> **EXERCISE DETAILS**: Print the lines in the listing below starting at the line with "Close up on" and ending at the line with "9: ir := ir", both included. Reproduce them exactly and omit every picture.

> **DATA FOR PROCESSING**:

□ □ □ □

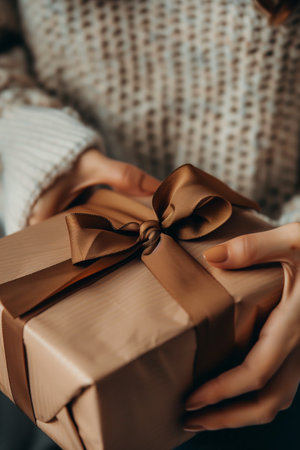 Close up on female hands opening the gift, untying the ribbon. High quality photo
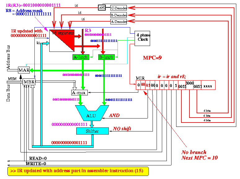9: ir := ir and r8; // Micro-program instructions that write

□ □ □ □

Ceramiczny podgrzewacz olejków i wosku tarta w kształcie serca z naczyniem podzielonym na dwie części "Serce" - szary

□ □ □ □

> **TASK SOLUTION**:
 Close up on female hands opening the gift, untying the ribbon. High quality photo
9: ir := ir and r8; // Micro-program instructions that write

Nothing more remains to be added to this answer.